En Europe le géant Google détient 95 % de parts de marché encore davantage qu’aux États-Unis (80 %). Du coup, le pari de Qwant moteur de recherche franco-allemand paraît particulièrement ambitieux. Toutefois ce moteur a réussi à conquérir 2 % de parts de marché. À l’inverse du géant Google le moteur de recherche français ne vend  pas les données personnelles des internautes et préserve ainsi leur vie privée.  De plus il garantit une neutralité dans l’affichage des résultats qui englobent le web, les réseaux sociaux et l’actualité Tout l’Internet européen a beau être occupé par Google, un irréductible moteur de recherche créé par des Français résiste encore et toujours à l’envahisseur. Sur un marché européen détenu en quasi-totalité par Google, Qwant cherche à conquérir 10% des internautes, en les sensibilisant au respect de leur vie privée. «Nous n’utilisons pas de cookie, pas d’historique de navigation et nos infrastructures de data-centres sont indépendantes et basées en France», se félicite son PDG, Éric Léandri.
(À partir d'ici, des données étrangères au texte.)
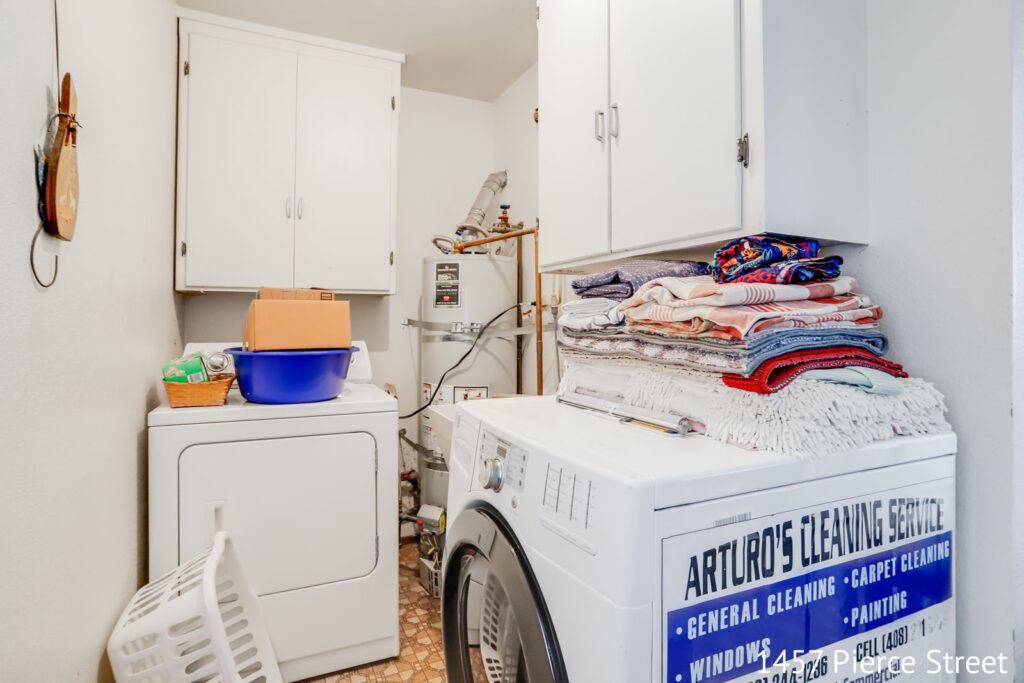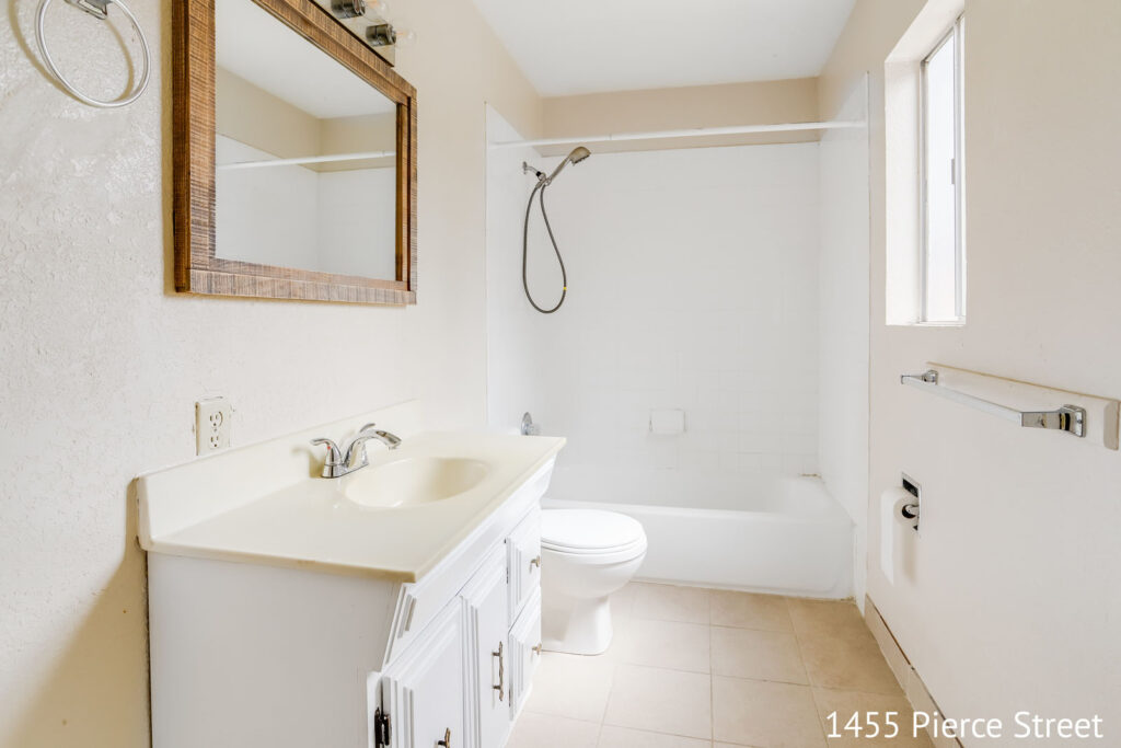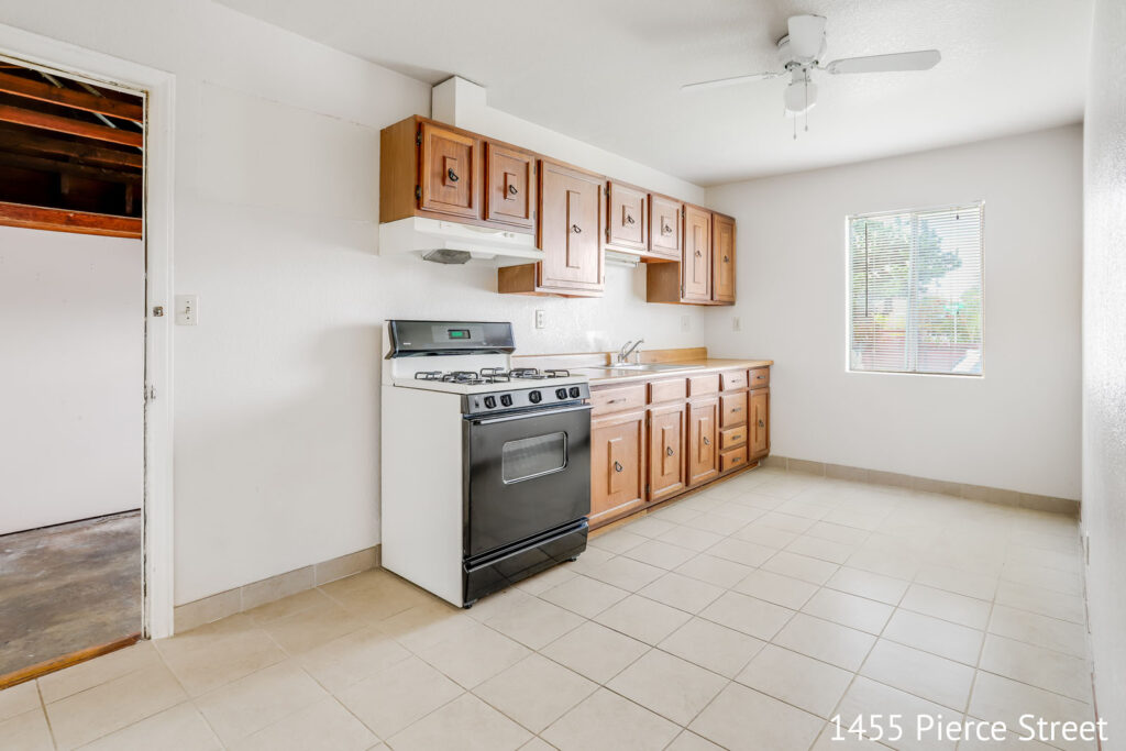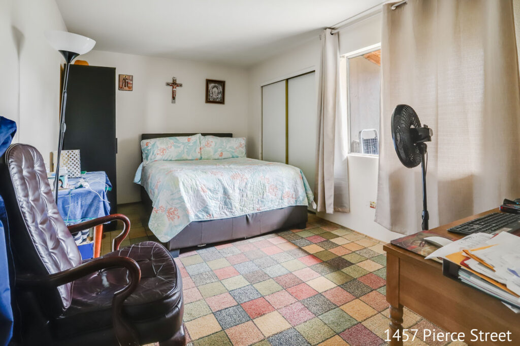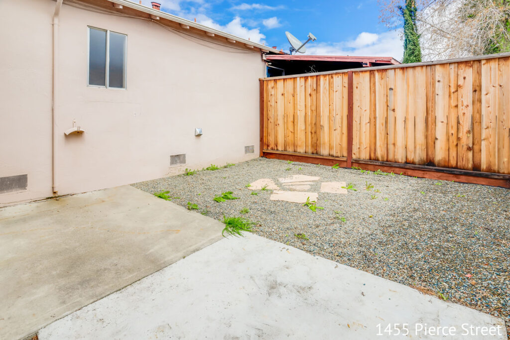 1457 Pierce St: – 770 sq ft. 2bd/1ba. with carport, eat-in kitchen, spacious bedrooms, wall heater, in-unit laundry, and roomy backyard with patio.

Pour soutenir le développement de la start-up franco-allemande, la Banque européenne d’investissement lui avait déjà accordé un prêt de 25 millions d’euros en 2015. Qwant, qui utilise la méthode du paiement au clic pour tirer un revenu de ses activités,  À sa création, Google avait pourtant une façon traditionnelle de générer du chiffre d’affaires au moyen d’annonces qui, quand on cliquait dessus, entraînaient une redevance. Le virage du traçage a été pris en 2009. La raison? Décupler la rentabilité et augmenter ainsi sa valorisation boursière. De son côté, Qwant estime une bonne rentabilité possible avec une «filialisation» à l’ancienne. Son succès en apporte la preuve. «Nous sommes un moteur de recherche mais aussi de découverte, qui permet à un internaute d’éviter de se retrouver prisonnier de la bulle dans laquelle les algorithmes de Google l’ont placé», explique Eric Léandri. Et du coup certains éditeurs peuvent voir leur audience écroulée du jour au lendemain en fonction du classement Google qui se fonde essentiellement sur des prévisions business.